To deal with that fear – of rejection, of pain, of loss – I’ve decided (with the help of Bob Marley) that pain and hurt are inevitable, and to try to live so as to avoid them is to live very, very small. And phooey to small.

That’s how I managed my long-time fear. Then That Fear got sneaky and snuck in a new friend.

It goes like this:

What if I hurt him?

Let me tell you: I was surprised. This fear shocked me. The love renegade (c’est moi, Dear Reader), throwing caution to the wind, is suddenly…cautious?

All of this sounds very dramatic, and of course it is, but here’s the second part of the surprise:

This is a very good fear to have.

It means it isn’t all about me. It means I care.

the downside of community

When my youngest daughter was eight months old, I moved back to the small(ish) suburban community I grew up in. I left it when I was eighteen, to live in Victoria, Vancouver, Hsin-Chu (Taiwan), Vancouver, and then Burnaby.
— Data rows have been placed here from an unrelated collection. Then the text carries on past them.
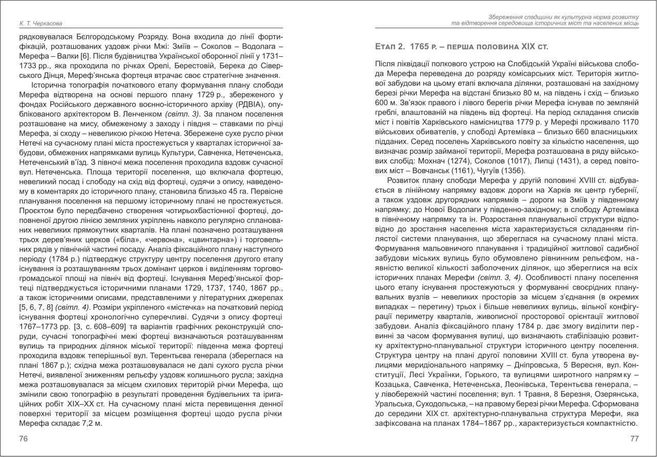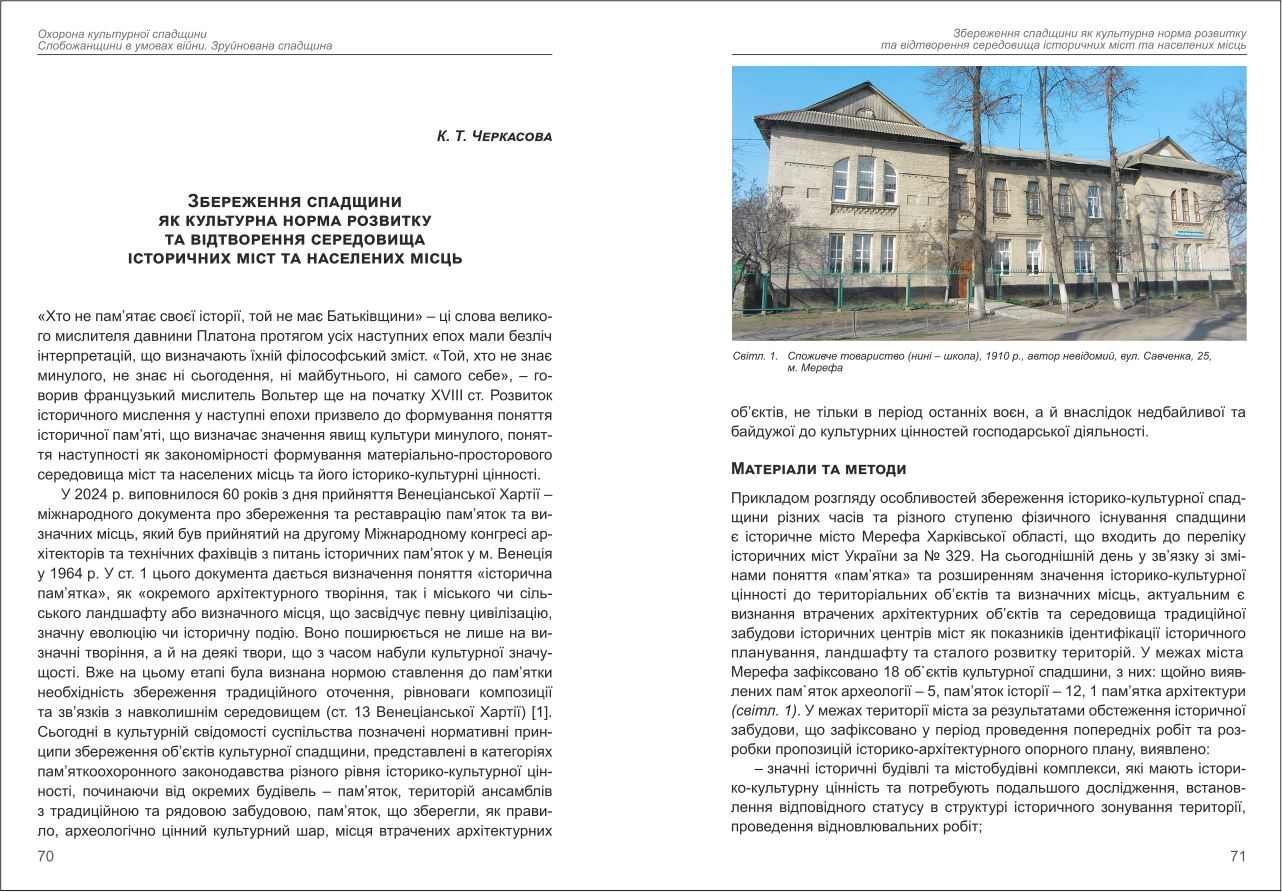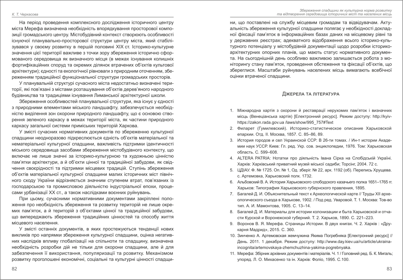 | Бібліографія: | Черкасова К. Т. Збереження спадщини як культурна норма розвитку та відтворення середовища історичних міст та населених місць. Культурна спадщина Слобожанщини: зб. наук. ст. Число 55, Харків : Курсор, 2024. C. 70–83 , іл. |
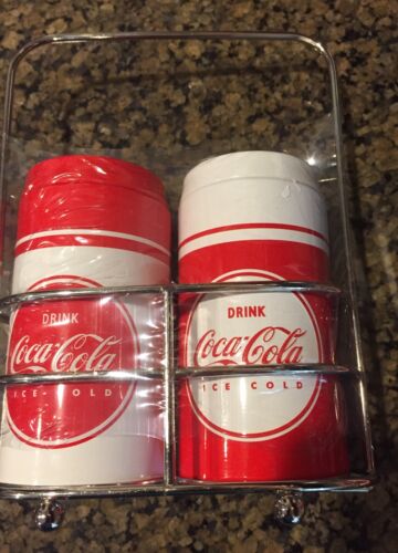NEW Vintage look COKE COCA COLA salt and pepper shakers & caddy Red White
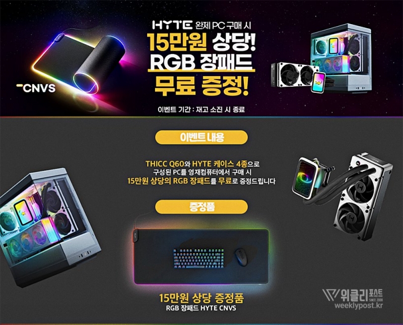컴퓨터 부품 수입 유통 업체 서린씨앤아이가 하이엔드 PC 빌드 업체 YJMOD와 함께 하이트(HYTE) 제품들로 구성된 브랜드 PC 구매자 대상 사은품 증정 행사를 진행한다.

Moving back to the suburbs felt like a capitulation but it was a sanity-saver. Suddenly, I lived thirty seconds (walking!) from my sister, and was immersed in a community of young stay-at-home moms. Suddenly, I wasn’t alone.

Community can save your life. But it can be a pain in the ass, too.

Julie [my sister] via BBM, after our cars passed on the street in front of our kids’ school: Who’s the cool dude crammed into the front of your red hawt neon?

Me, later: F.

Julie: I’m telling Heather.

Me: [ignores text.]

Julie: But seriously…WTF?

And what’s really a pain in the ass is that Julie and Heather are almost always right.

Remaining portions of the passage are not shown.